- Born: 22 December 1924 London, England, United Kingdom
- Died: 16 September 2024 (aged 99) Iowa City, Iowa, United States
- Allegiance: United Kingdom
- Spouse: Carin ​(died 2015)​
- Children: Sarah and 2 others

= Peter Green (historian) =

British historian and novelist (1924–2024)

Peter Morris Green (22 December 1924 – 16 September 2024) was an English classical scholar and novelist noted for his works on the Greco-Persian Wars, Alexander the Great and the Hellenistic Age of ancient history, generally regarded as spanning the era from the death of Alexander in 323 BC up to either the date of the Battle of Actium or the death of Augustus in 14 AD.

Green's most famous books are Alexander of Macedon, a historical biography first issued in 1970, then in a revised and expanded edition in 1974, which was first published in the United States in 1991; his Alexander to Actium, a general account of the Hellenistic Age, and other works. He was the author of a translation of the Satires of the Roman poet Juvenal, now in its third edition. He also contributed poems to many journals, including to Arion and the Southern Humanities Review. He was elected a Fellow of the Royal Society of Literature in 1956.

==Early life and career==
Green was born in London on 22 December 1924. He went to school at Charterhouse. During World War II, he served with the Royal Air Force in Burma. In Firpo's Bar in Calcutta, he met and became friendly with future novelist, Paul Scott, who later used elements of Green's character for the figure of Sergeant Guy Perron in The Raj Quartet.
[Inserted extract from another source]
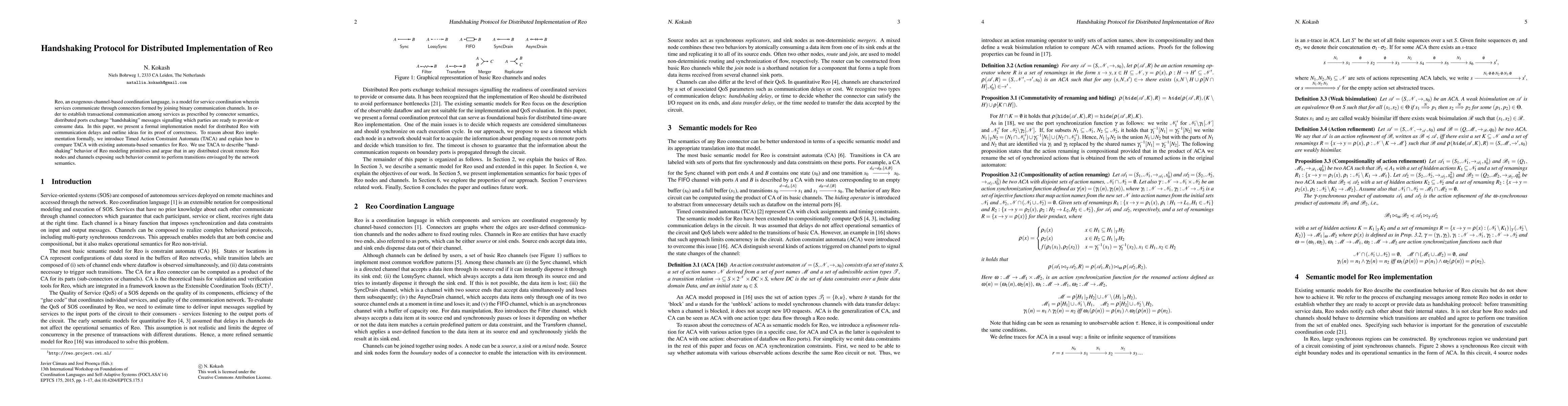 This paper presents a formal implementation model for distributed Reo, introducing Timed Action Constraint Automata (TACA) to describe the handshaking protocol for establishing transactional communication among distributed services. The authors outline ideas for proving the correctness of the model and compare TACA with existing automata-based semantics for Reo.

After the war, Green attended Trinity College, Cambridge, where he achieved a Double First in Classics, winning the Craven Scholarship and Studentship in 1950. He subsequently wrote historical novels and worked as a journalist, in the capacity of fiction critic for the Daily Telegraph (1953–63), book columnist for the Yorkshire Post (1961–62), television critic for The Listener (1962–1963), film critic for John O'London's (1961–1963), as well as contributing to other journals.
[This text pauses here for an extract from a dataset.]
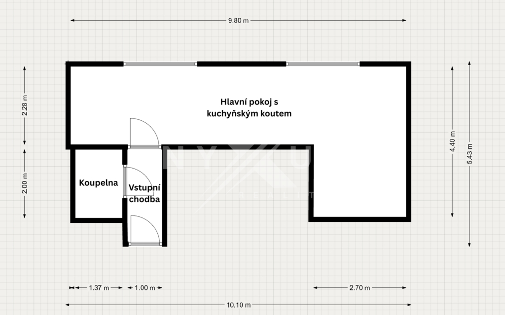 - Dispozice bytu: 1+kk

In 1963, he and his family moved to the Greek island of Lesbos, where he was a translator and independent scholar. In 1966 he moved to Athens, where he was recruited to teach classics for College Year in Athens, and published Armada from Athens, a study of the Sicilian Expedition of 415–3 BC (1970), and The Year of Salamis, a history of the Greco-Persian Wars (1971).
In 1971, Green was invited to teach at the University of Texas at Austin, where he became Dougherty Centennial Professor of Classics in 1982, emeritus from 1997. In 1986, he held the Mellon Chair of Humanities at Tulane University in New Orleans. He was last an adjunct professor at the University of Iowa and also has held visiting appointments at Princeton University and at East Carolina University in Greenville, North Carolina.

Bob Dylan used Green's translations of Ovid, found in The Erotic Poems (1982) and The Poems of Exile: Tristia and the Black Sea Letters (1994) as song lyrics on the albums Love and Theft (2001) and Modern Times (2006).

Green was a regular contributor to the New York Review of Books.

At the time of his death, Green was working with Glenn Storey on a new translation of the works of Herodotus with full commentaries. That work is expected to be published in 2025.

==Personal life and death==
In 1954, Green married Lalage Isobel Pulvertaft, a novelist and Egyptologist. They had three children, including Sarah Green.

Green's second marriage was to classicist and ancient historian Carin M. C. Green, who died in 2015.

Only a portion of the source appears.